Want to know how generative AI works?
Imagine a newborn child. Now, just for fun, imagine that this child – we’ll call him Karl – is born with the ability to read. I know, no way, but suspend your disbelief for just a second.
So Karl can read. And by the way, he can read really, really fast.
Now, just for fun, let’s give poor Karl the entire contents of the internet to read. All of it.
Task done, everything Karl knows is from the internet.
Most infants learn basic, foundational things as they grow up. “Hey look, I’ve got hands! Oh wow, feet too! The dog’s got four legs… and a tail…and it barks!”
But Karl never learned these things. Karl only knows what he read on the internet. So if we ask Karl to write an RFP (Request for Proposal, a common business document) that’s like others our company has written, he’ll probably do a fantastic job. Why? Because he’s read zillions of them, knows what they look like, and can replicate the pattern.

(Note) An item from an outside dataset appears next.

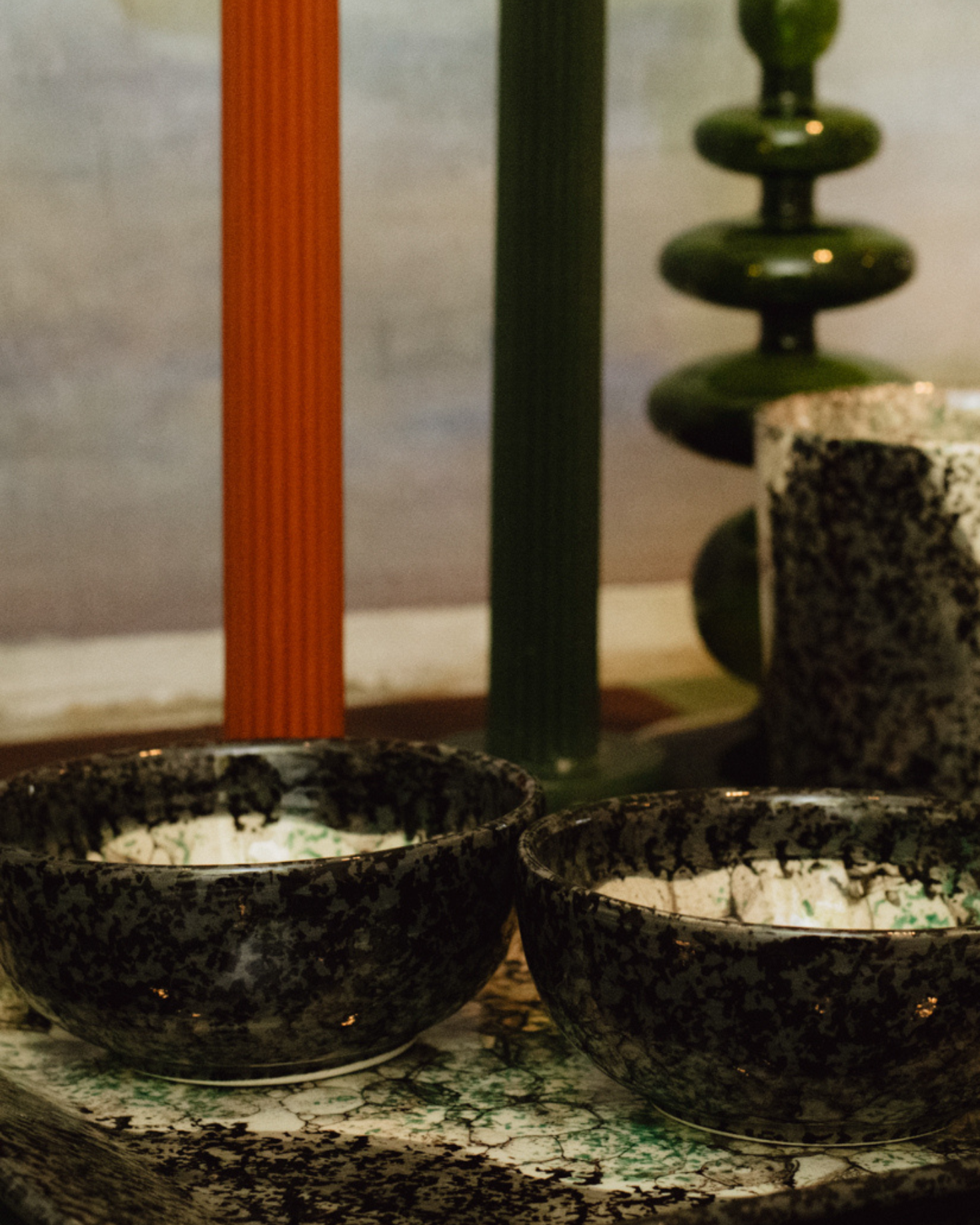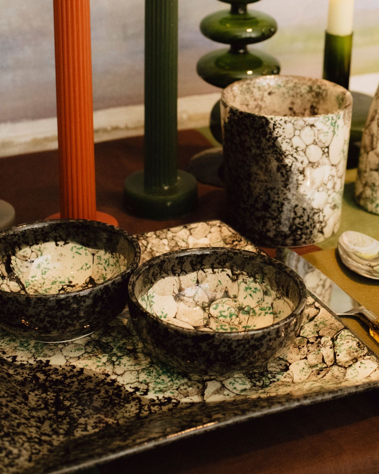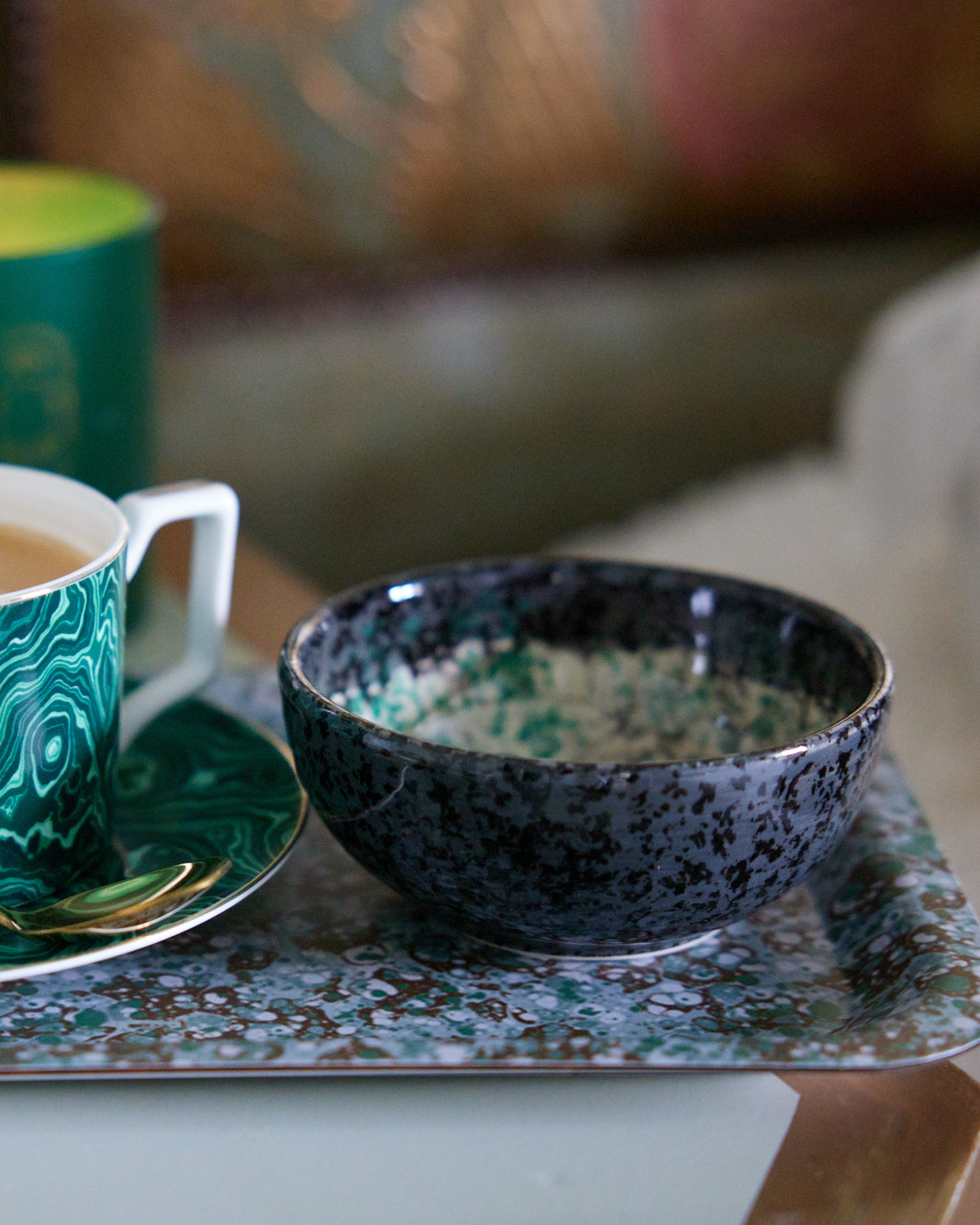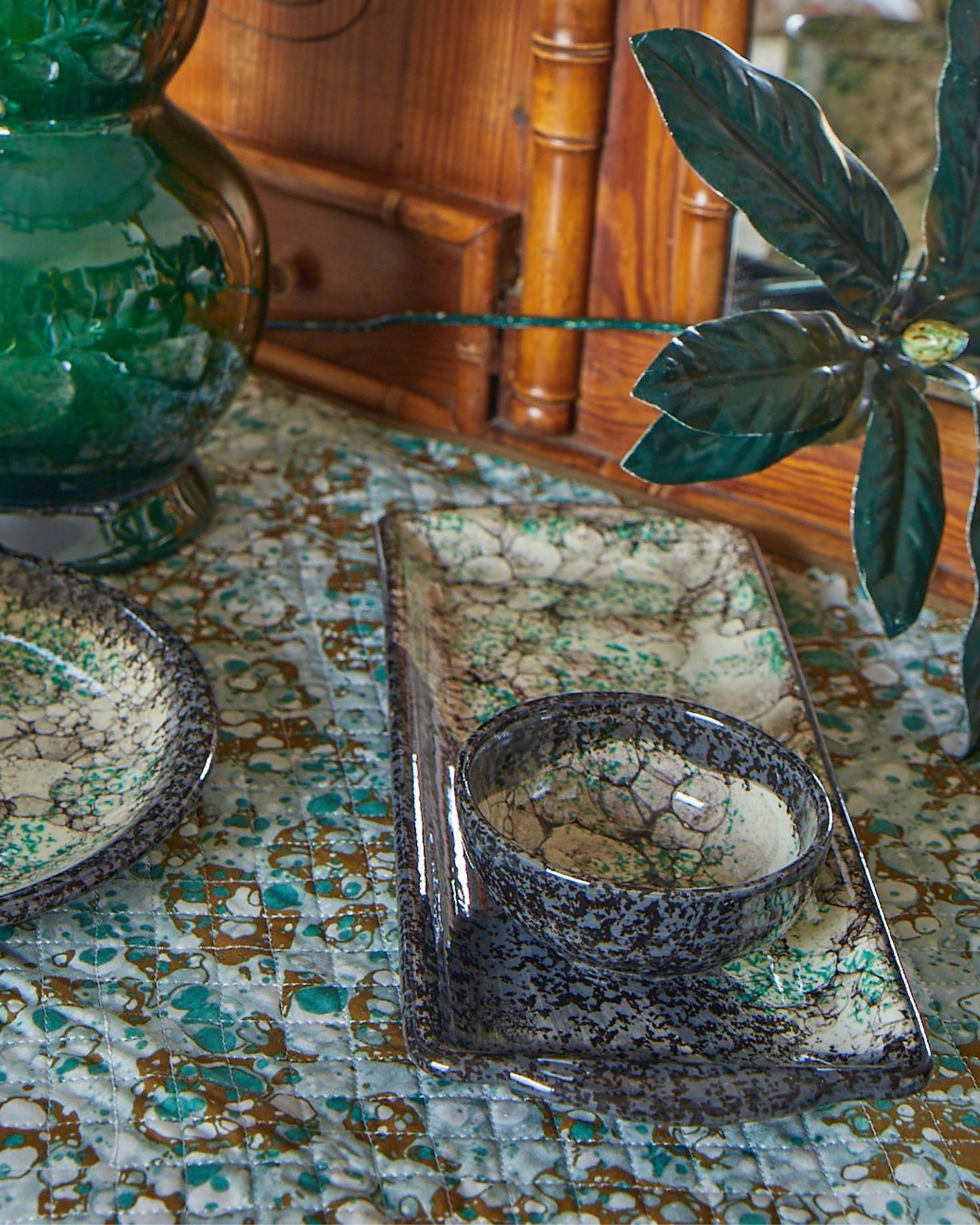 Cuenco pequeño de mármol en color blanco y verde, fabricado en cerámica artesanal y pintado a mano en España.

However, Karl can’t get common-sense relationships, as Gary Marcus elegantly pointed out in this blog post. As he notes, Karl may know that Joe’s mother is Mary, but is unable to deduce from that fact that (therefore) Mary’s son is Joe.
Nor can Karl do math: ask him to calculate 105 divided by 7 and unless he finds that exact example somewhere in the vast corpus of the internet, he’ll get it wrong.
Worse, he’ll very authoritatively return that wrong answer to you.
That’s a loose analogy of how Large Language Models (LLMs) work. LLMs scrape huge quantities of data from the internet and apply statistics to analyze queries and return answers. It’s a ton of math…but it’s just math.
In generating an answer, LLMs like ChatGPT will typically create multiple possible responses and score them “adversarially” using mathematical and statistical algorithms. Does this look right? How about that? Which one’s better?” These answers, however, are tested against patterns it finds – where else? – in the internet.
What’s missing, in this writer’s humble opinion, is an underlying, core set of common-sense relationships – ontologies to use the technical term. “A mammal is a lifeform that gives live birth and has hair. A dog is a form of animal. A horse is a form of animal. Dogs and horses have four legs and tails.” And so on.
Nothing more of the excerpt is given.